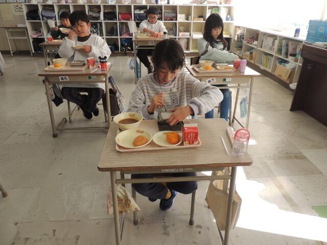 今日の給食は、エビカツ、チキンカレー、冷凍みかんです。今日は4年生の教室。職員室で冷凍みかんはシャリシャリしておいしい派と常温が一番派で盛り上がっていたので、「冷凍みかんは好き?」4年生に聞いてみると、「冷たくて苦手。」「前歯がキーンとします。」なんと知覚過敏の子がいました。隣の教室の3年生は「大好き!」という回答がほとんどでした。私は何十年ぶりかの冷凍みかんでした。
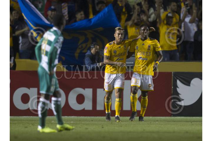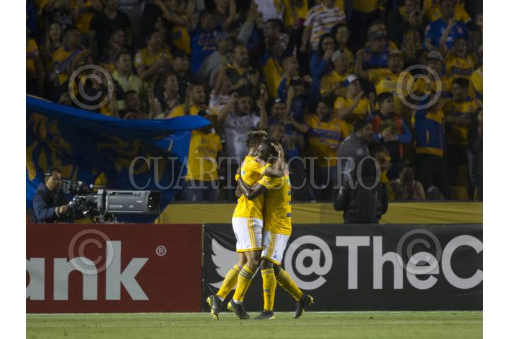 MONTERREY, NUEVO LEÓN, 03ABRIL2019.- Jugadores del equipo de los Tigres de la UANL, celebran el gol ante el equipo de Santos, en el estadio Universitario, partido correspondiente a la Semifinal de ida de la Concacaf, Liga de Campeones 2019. Marcador Final: Tigres: 3 - Santos: 0 FOTO: GABRIELA PÉREZ MONTIEL /CUARTOSCURO.COM
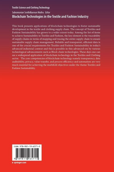 This book presents applications of blockchain technologies to foster sustainable development in the textile and clothing supply chain. The concept of Textiles and Fashion Sustainability has grown to a wider extent today. Among the list of items to achieve Sustainability in Textiles and Fashion, the key element is the traceability of supply chains in terms of mapping and tracing the entire supply chain to ensure sustainable supply chain management. Reliable and transparent, efficient data is one of the crucial requirements for Textiles and Fashion Sustainability in today's advanced industrial context and this is possible in this advanced era by various technological advancements such as Block chain technologies. These days one can see a widespread application of blockchain technology in the Textiles and Clothing sector. The core competencies of blockchain technology namely transparency, data auditability, privacy, value transfer, and process efficiency and automation are verymuch essential for achieving the multifold objectives under the theme Textiles and Fashion Sustainability.
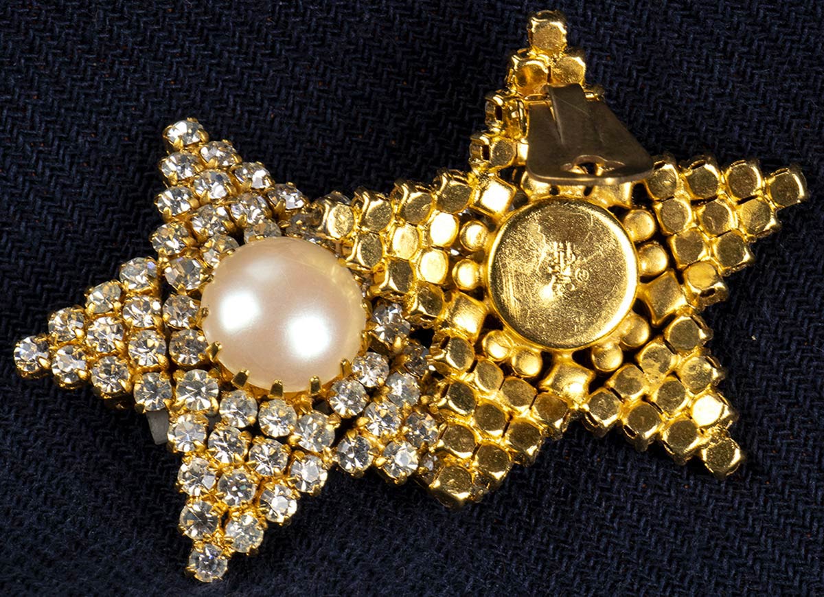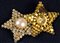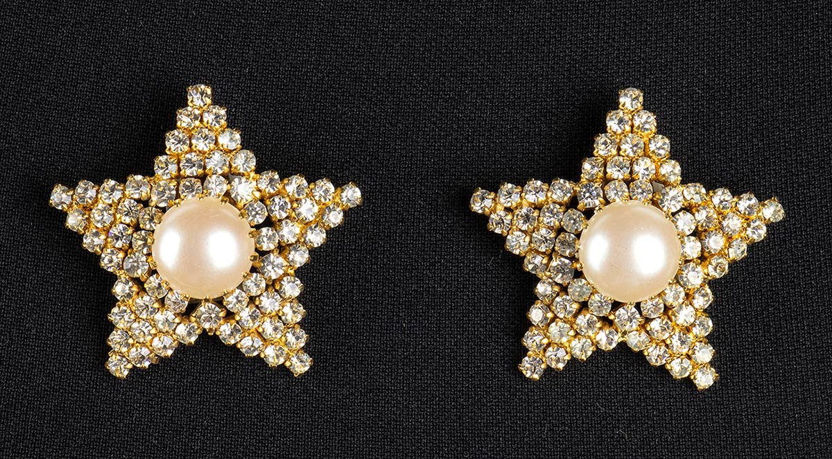 Orecchini a clip a forma di stella, metallo dorato, strass e perle mabé bijoux.
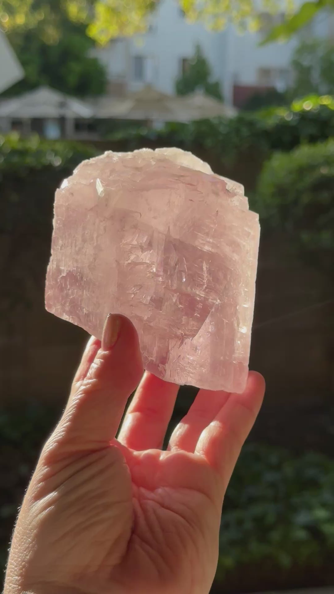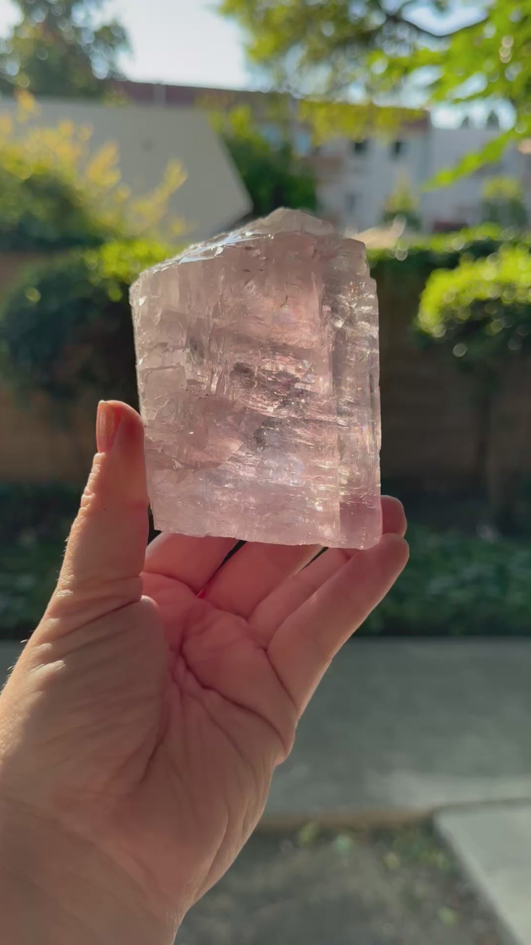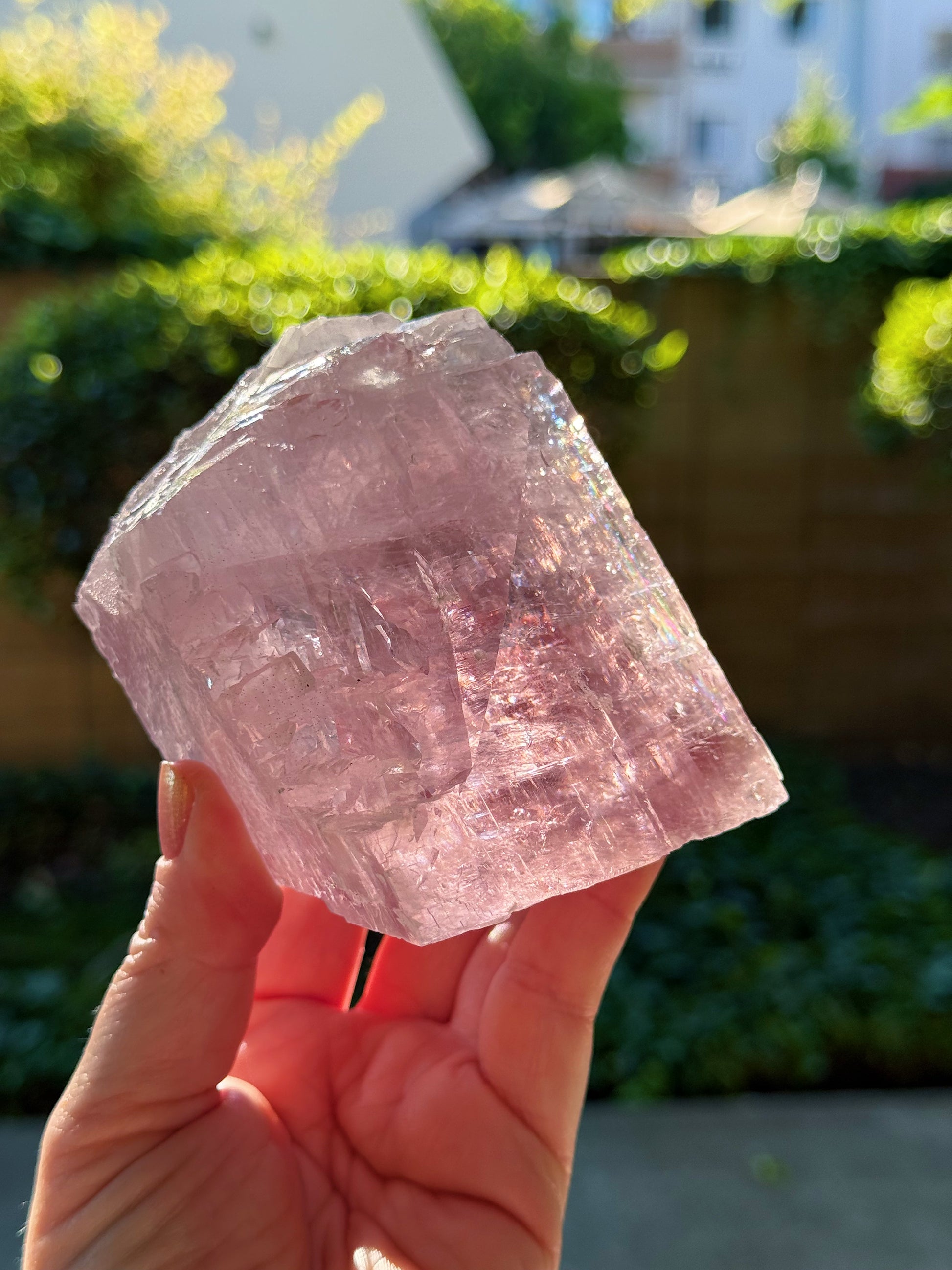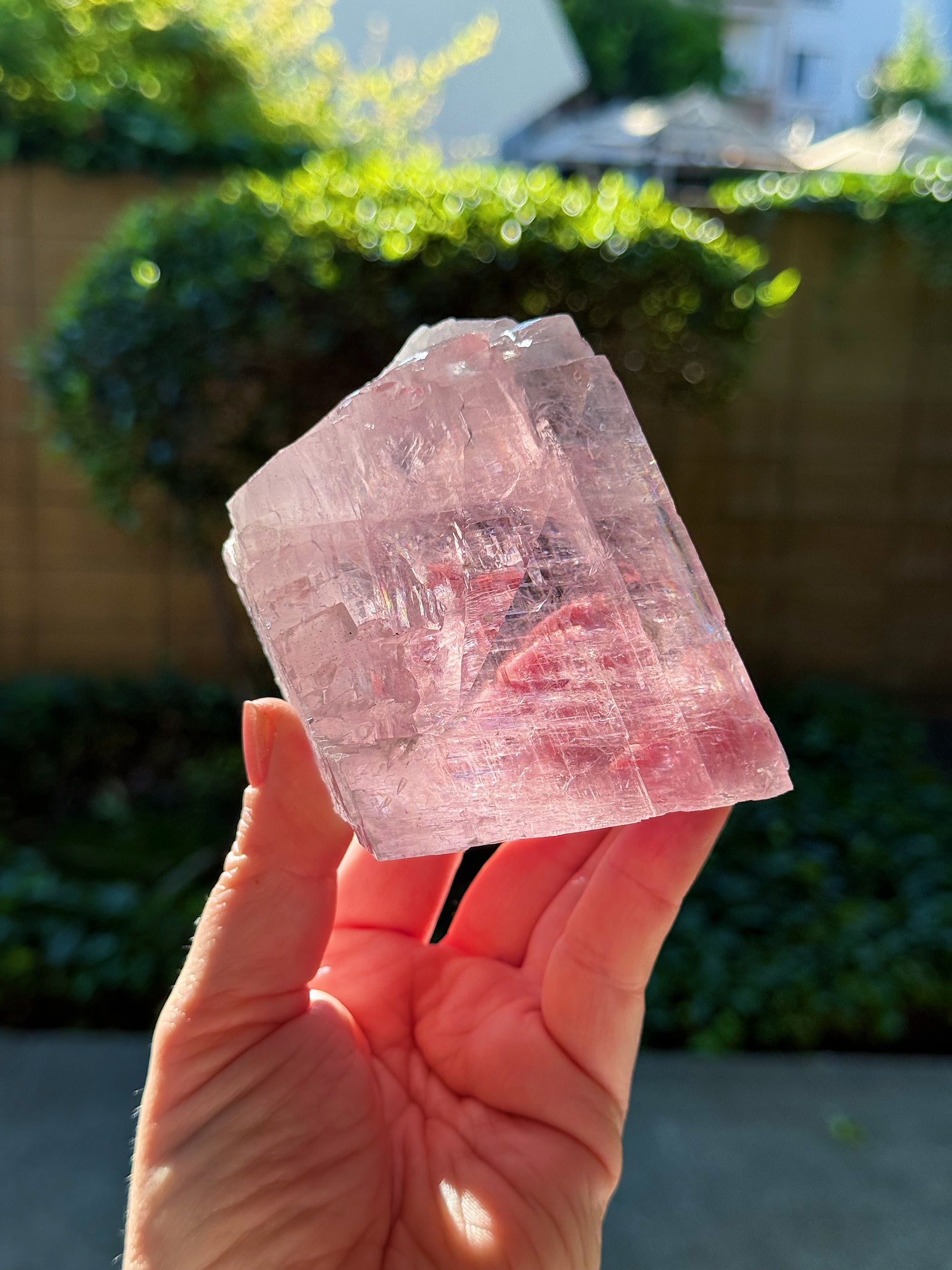 A Balmat Calcite from the Empire Zinc Mine in NYC. Personal destash because I don’t need two of them. 😭Very, very pink in person. Not one of the fainter ones at all. Some really beautiful rainbows at the core. Super gemmy piece too!
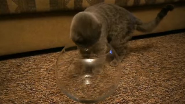 Þessi þráði ekkert heitar en að búa í fiskabúri – og ánægja hans með sjálfan sig þegar hann loksins komst ofan í kúluna verður ekki mæld á krúttskalanum:
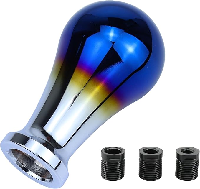 鮮やかなチタンブルーの美しいシフトノブ:こちらは、MT車に対応した汎用タイプのシフトノブです。スポーティーで高級感溢れるチタンブルーカラーで、本体はチタン合金素材を採用しています。鮮やかで華やかなデザインが個性的で、握りやすさもアップします。
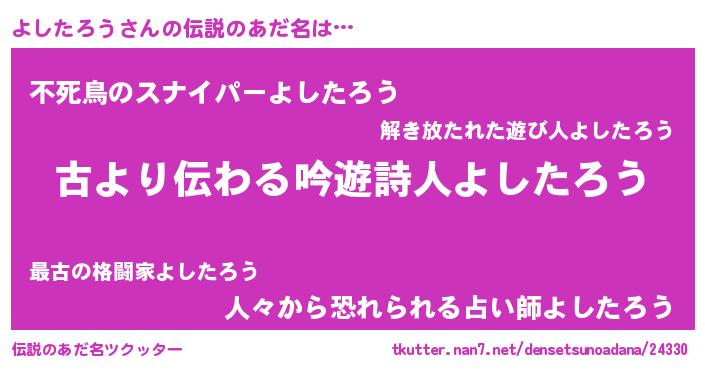 | 意味不明あだ名 | 『住所不定無職よしたろう(5歳)』 |
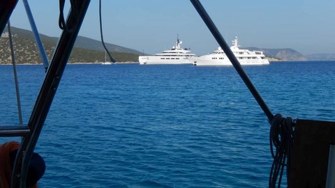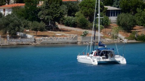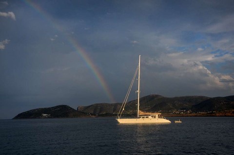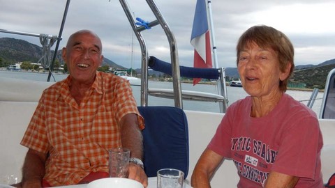 Le 12, retour à Poros où l'on retouve Jean et sa Katie. Ils viennent boire l'apéro à bord et nous emmènent manger une gyros et une glace à Poros. Pas de photo, mais un bien bon souvenir de plus.
━━━━━━━━━━
### TASK DESCRIPTION
If a line falls between the first line of the records above and the line containing "MONTERREY, NUEVO LEÓN, 03ABRIL2019.- Jugadores", inclusive, retype it exactly; leave pictures out.

### RESULT
 今日の給食は、エビカツ、チキンカレー、冷凍みかんです。今日は4年生の教室。職員室で冷凍みかんはシャリシャリしておいしい派と常温が一番派で盛り上がっていたので、「冷凍みかんは好き?」4年生に聞いてみると、「冷たくて苦手。」「前歯がキーンとします。」なんと知覚過敏の子がいました。隣の教室の3年生は「大好き!」という回答がほとんどでした。私は何十年ぶりかの冷凍みかんでした。
 MONTERREY, NUEVO LEÓN, 03ABRIL2019.- Jugadores del equipo de los Tigres de la UANL, celebran el gol ante el equipo de Santos, en el estadio Universitario, partido correspondiente a la Semifinal de ida de la Concacaf, Liga de Campeones 2019. Marcador Final: Tigres: 3 - Santos: 0 FOTO: GABRIELA PÉREZ MONTIEL /CUARTOSCURO.COM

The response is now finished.